Has anybody experienced something like this? Any suggestions on where to dig further?
UPDATE 04-2023:
To my surprise - on the iOS 16.4 Simulator with Xcode 14.3 - the change of German voices from one utterance to the next worked as fast as it should be, no more 3+ secs delay! Cool, has Apple finally solved the bug?! I tried on devices. But no: on device with iOS 16.4.1 installed, the same issue as always, the delays between utterances with different German voices are back.
Reinstalled the app on the device, re-downloaded the German voices used. But no luck.
This is the console output of the app running on device. The delay happens after the first "[AXTTSCommon] Invalid rule:" appears in the console.

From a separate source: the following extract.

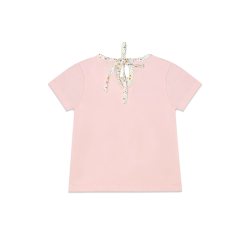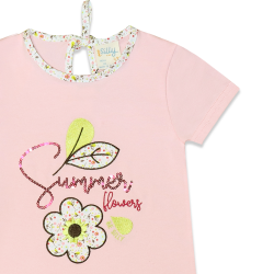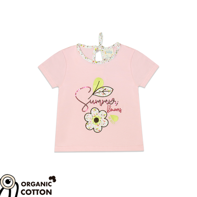 T-shirt em algodão orgânico com bordado na frente e detalhe florido na gola.

Speech Synthesizer - Current utterance voice: Optional("Viktor (Enhanced)") | language: Optional("de-DE")
2023-04-09 13:04:06.172618+0200 SpeechApp[914:31631] [AXTTSCommon] Invalid rule: <-- DELAY HAPPENS AFTER THIS LINE
2023-04-09 13:04:10.052499+0200 SpeechApp[914:31631] [AXTTSCommon] Invalid rule:
2023-04-09 13:04:10.053138+0200 SpeechApp[914:31631] [AXTTSCommon] Invalid rule:
2023-04-09 13:04:10.055567+0200 SpeechApp[914:31631] [AXTTSCommon] Invalid rule:
2023-04-09 13:04:10.113567+0200 SpeechApp[914:31164] [audio]

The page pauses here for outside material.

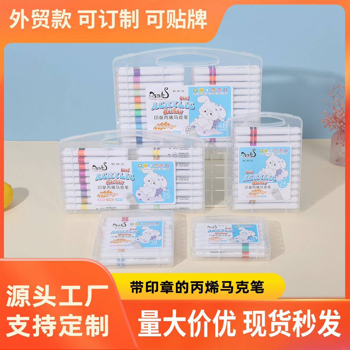 印章丙烯马克笔12/24/36/48色防水不透色可叠色学生彩笔绘画套装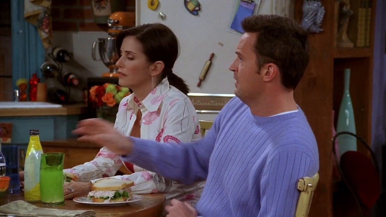 Она говорит, что это всего лишь камера прибавила ей парочку лишних килограммов, на что Чендлер задается вопросом: «Сколько же тебя снимало камер?» Странно, что он так удивляется, ведь в пятом сезоне нам показывают еще один флэшбек, где во время учебы в колледже Чендлер приходил к Россу домой и, конечно, видел его младшую сестру (кстати, эту пасту, которую он ест, сидя при этом на диване, приготовила как раз Моника).

--- SpeechSynthesizer Delegate - did START speaking utterance.
The console output of the Simulator shows only one line with "[AXTTSCommon] Invalid rule:" and moves over it quickly, without any delay:
Speech Synthesizer - Current utterance voice: Optional("Viktor (Enhanced)") | language: Optional("de-DE")
2023-04-09 13:01:59.764986+0200 SpeechApp[7145:111421] [AXTTSCommon] Invalid rule:
2023-04-09 13:01:59.778640+0200 SpeechApp[7145:108690] [audio]
--- SpeechSynthesizer Delegate - did START speaking utterance.
Can anyone confirm that switching German voices between utterances works correctly on Simulator, while still showing unacceptable delays between utterances on device?
Any idea what could be the different between Simulator and Device? This could hint at the core of the issue.